### Aim of the exercise
What you write should match, word for word, the lines from the one containing "This paper establishes" through the end of the data, with no pictures.

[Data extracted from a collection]
Content starts

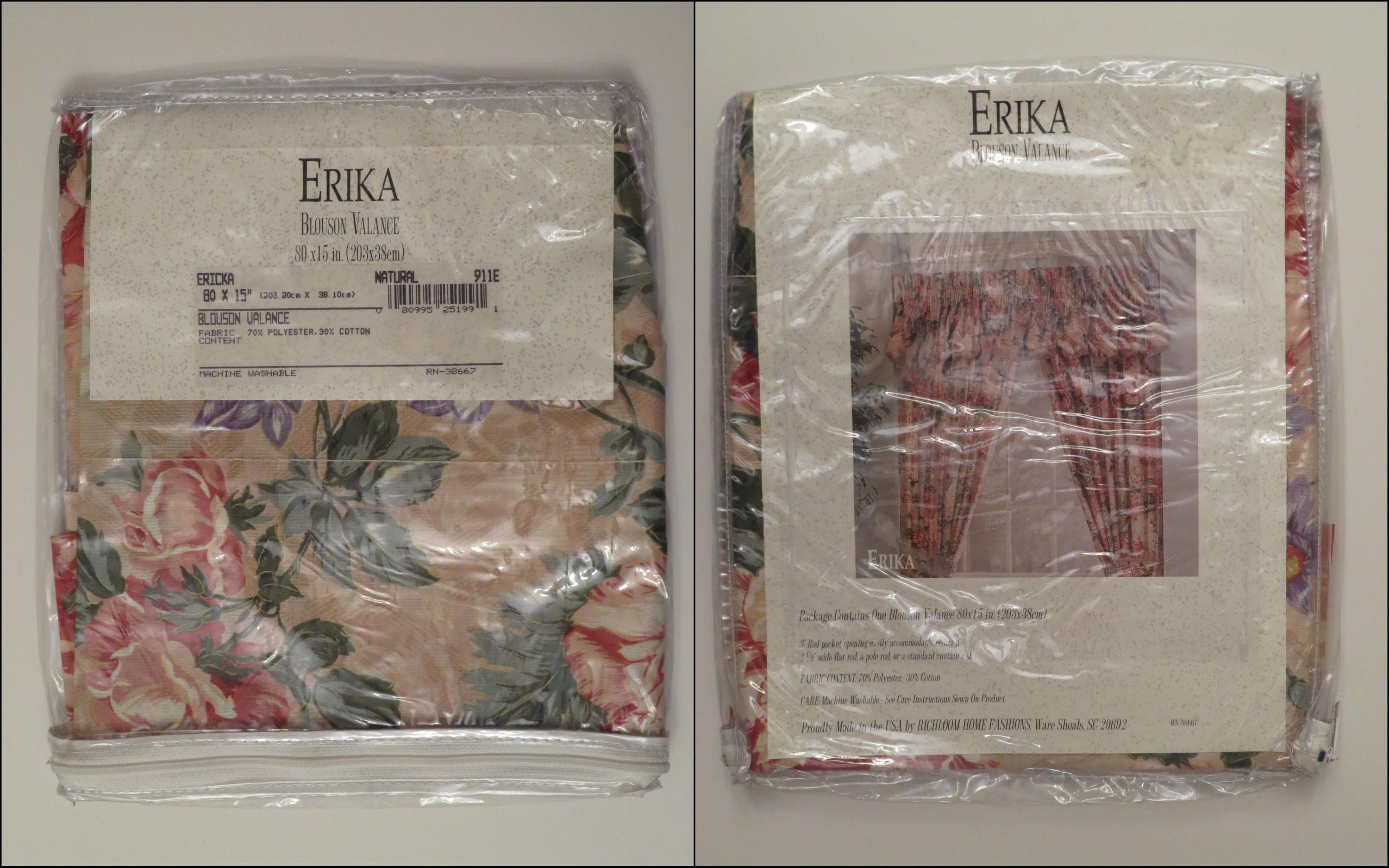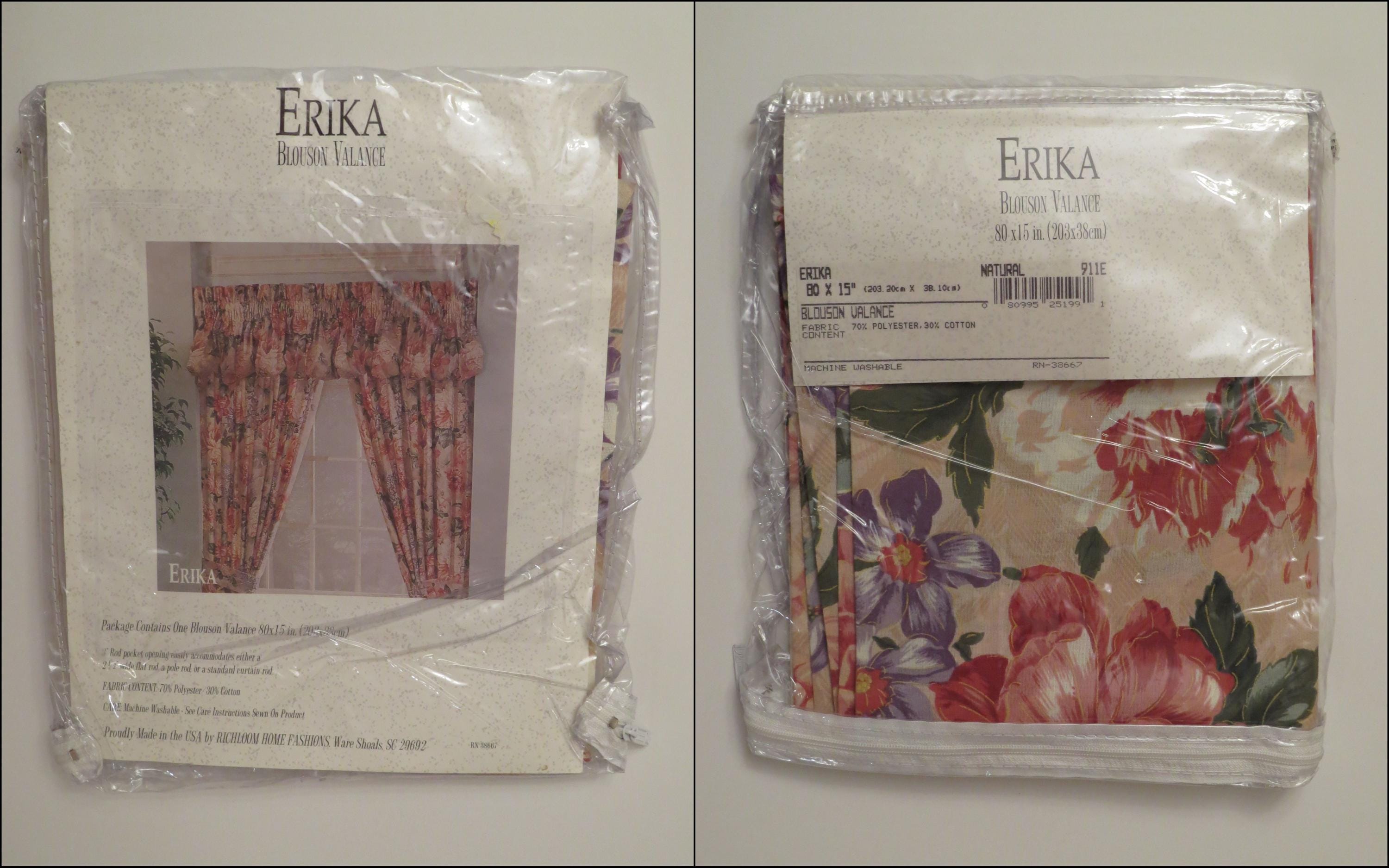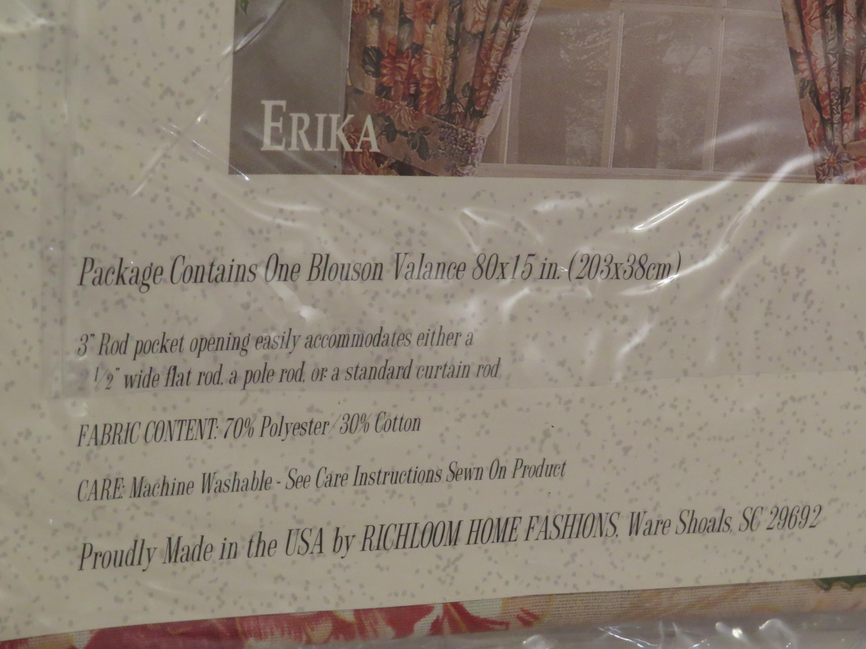 Vintage Floral "Erika Bouson valance" which is new in the package. It is 80" long by 15" tall (203 cm by 38 cm), and has a 3 inch rod pocket. It is 70% polyester and 30% cotton. The plastic packaging is a little worn and has old sticker residue.
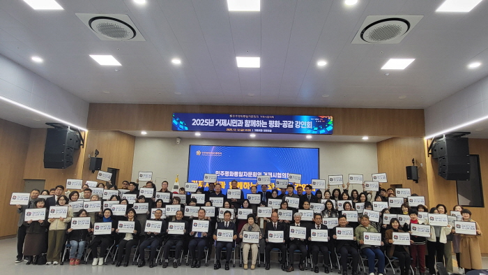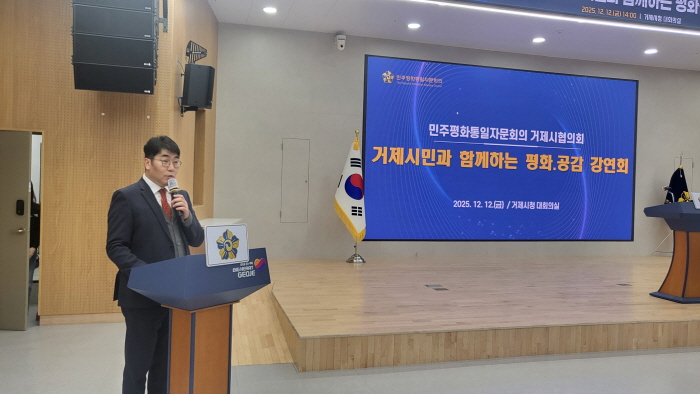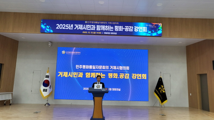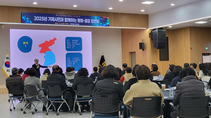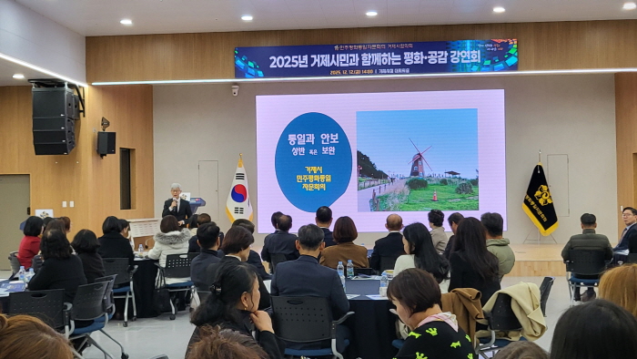 민주평화통일자문회의 거제시협의회(회장 김점수)는 12월 12일(금요일) 오후2시 ‘2025년 거제시민과 함께하는 평화·공감 강연회’를 지역사회 직능 단체회원과 시민, 자문위원, 북한이탈주민 등 130여명이 참석한 가운데 거제시청 대회의실에서 성황리에 개최 했다.
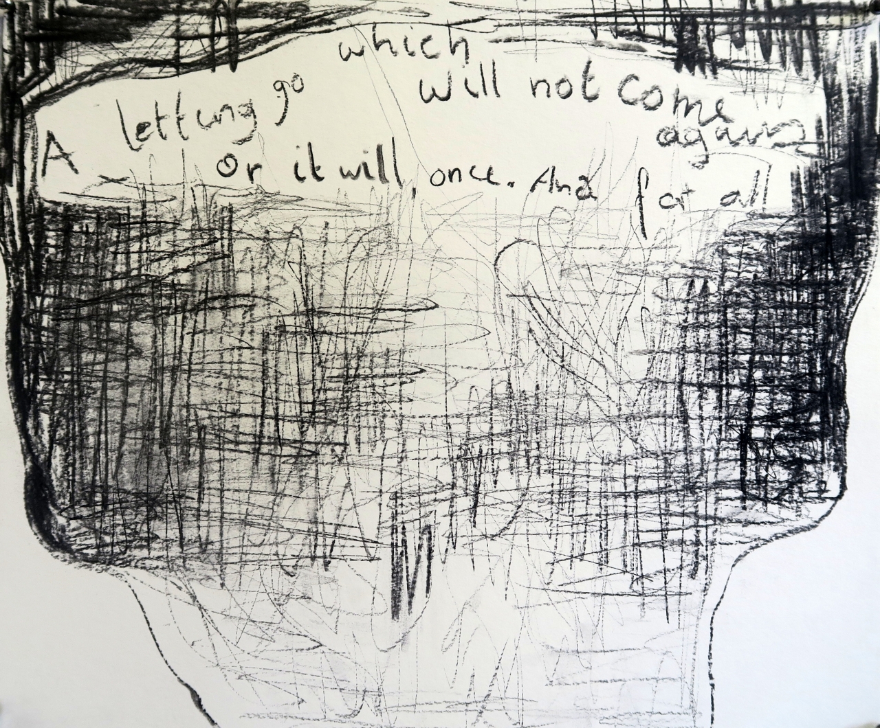 Het feitelijke ‘reizen’ in de totstandkoming van tekeningen heeft bij mij soms tot gevolg dat er een gedicht ontstaat. Dat schrijven vertoont overigens wel vaak een parallel met het tekenen. Veelal moet de basis van het werk er direct staan, het betekent voor wat de tekening betreft, dat er soms meerdere kleinere tekeningen op een dag ontstaan. Met het schrijven van een gedicht is het niet veel anders, dat wil zeggen die basis moet er ook in een keer zijn. Als ik teveel moet nadenken over of iets wel goed is, kan ik het beter vernietigen. ‘Break down and break out”, schreef de Ier John McGahern. Bijna een variant op wat die andere Ier Samuel Becket zei: Fail again, fail beter.
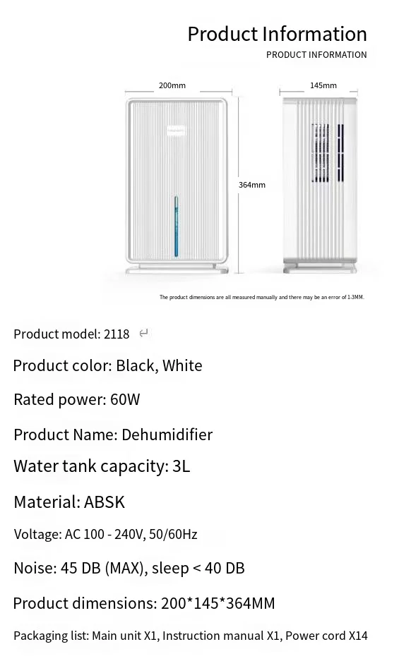 * Humidity removal:≤600ml/24h
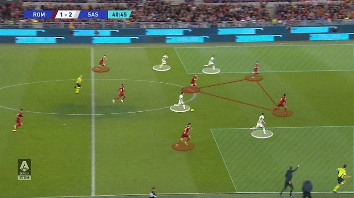 Из-за того, что полузащитнику приходится преодолевать большое расстояние, чтобы прессинговать мяч, у защитников, владеющих мячом, есть достаточно времени, чтобы отыграть передачу. К тому времени, когда полузащитник прессингует центрального защитника, мяч уже находится у другого игрока, и другим игрокам «Лацио» приходится карабкаться, чтобы закрыть пустые места. Это оставляет 3 на 1 в тех широких зонах, где «Роме» очень легко продвигать мяч и начинать атаку.
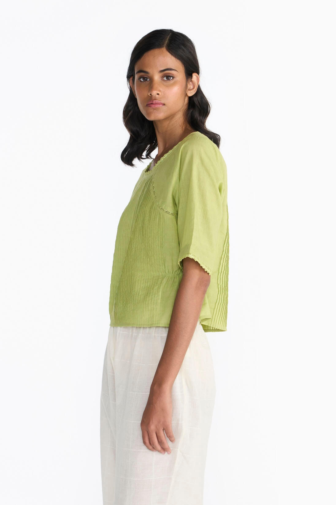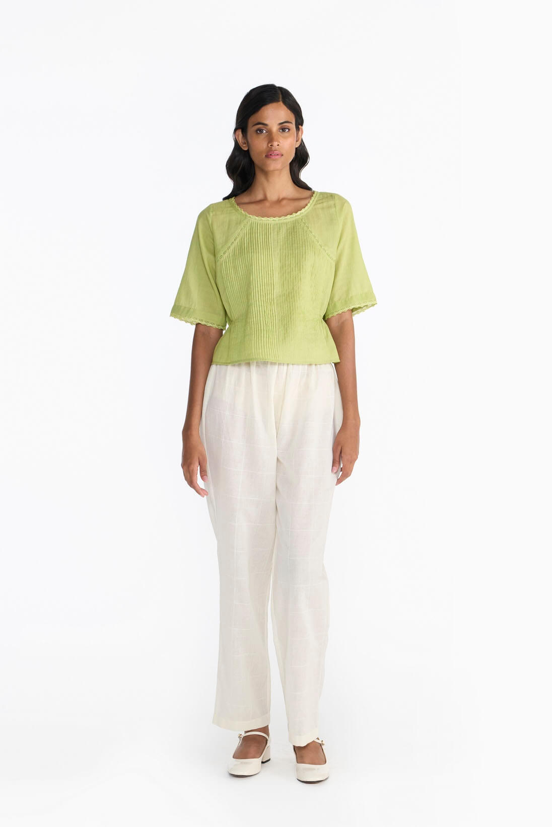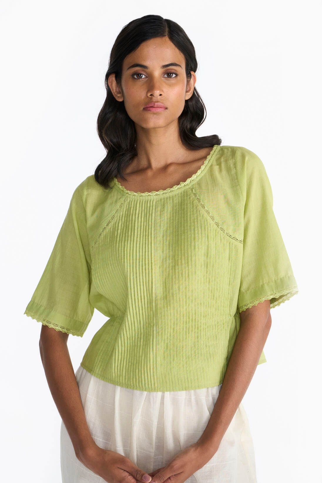 Clé blouse emphasizes the tailoring skills by creating a fine blind tuck yoke & flared hemline. This piece is finished with delicate laces and hand emboridery.
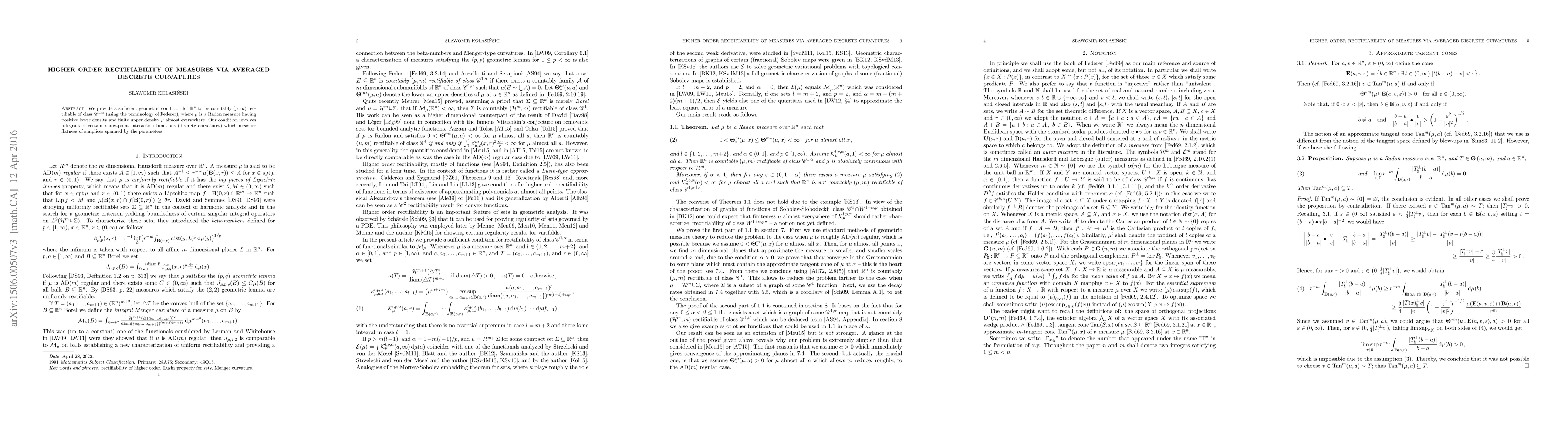 This paper establishes a sufficient geometric condition for $\mathbb{R}^n$ to be countably $(\mu,m)$ rectifiable of class $\mathscr{C}^{1,\alpha}$ using integrals of many-point interaction functions (discrete curvatures) that measure the flatness of simplices.
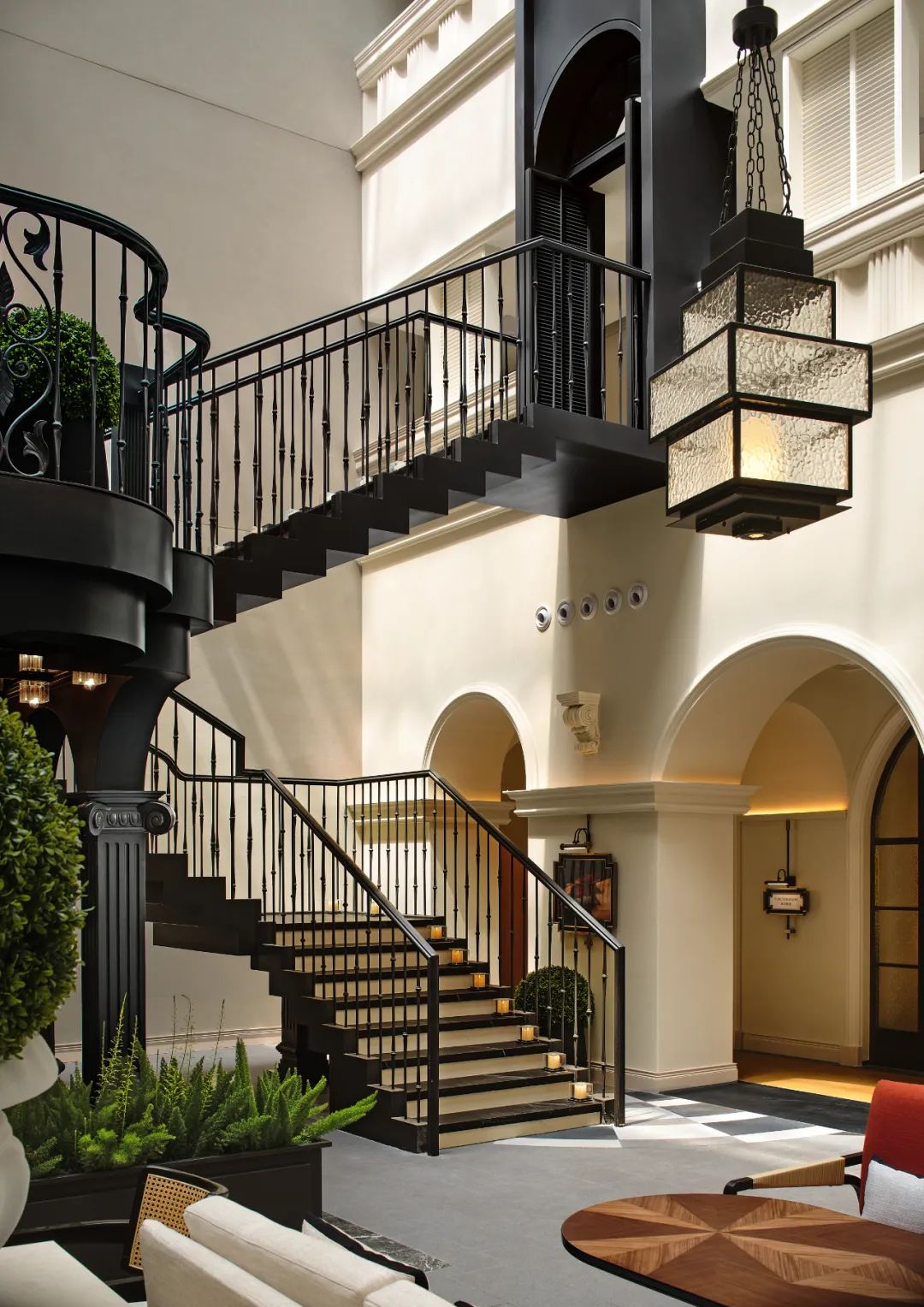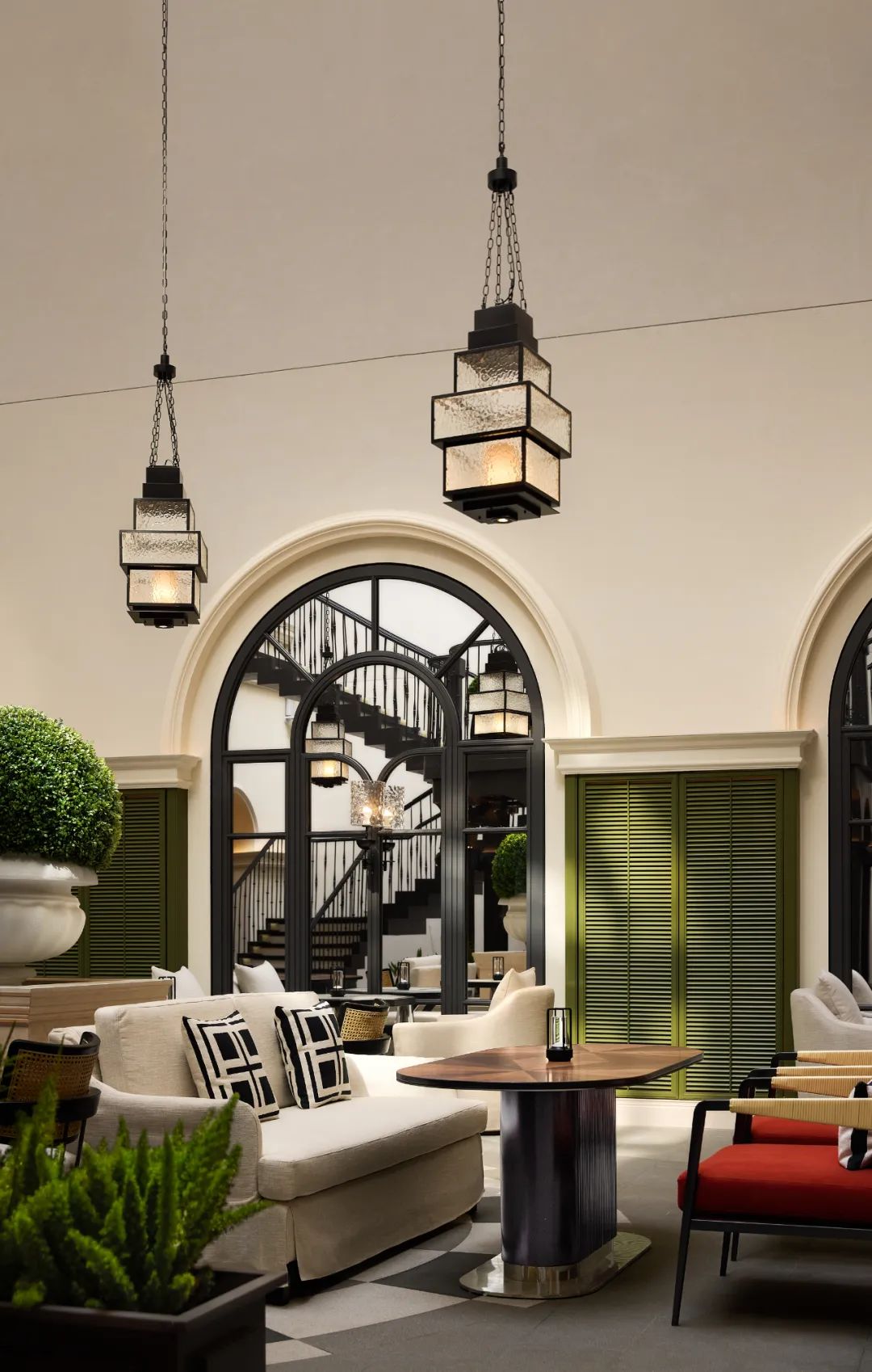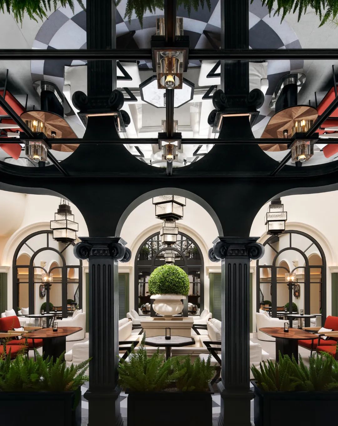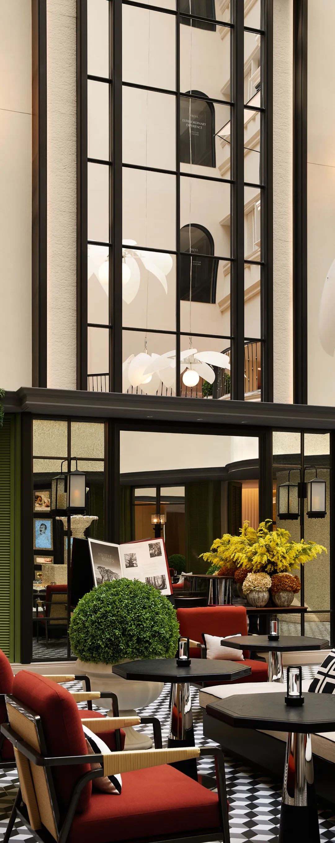 The landscape design elements are introduced into the atrium. The quiet sunlight spills into the "courtyard", on the flower table and among the tables and chairs.

Content ends

### Solution below
 This paper establishes a sufficient geometric condition for $\mathbb{R}^n$ to be countably $(\mu,m)$ rectifiable of class $\mathscr{C}^{1,\alpha}$ using integrals of many-point interaction functions (discrete curvatures) that measure the flatness of simplices.
 The landscape design elements are introduced into the atrium. The quiet sunlight spills into the "courtyard", on the flower table and among the tables and chairs.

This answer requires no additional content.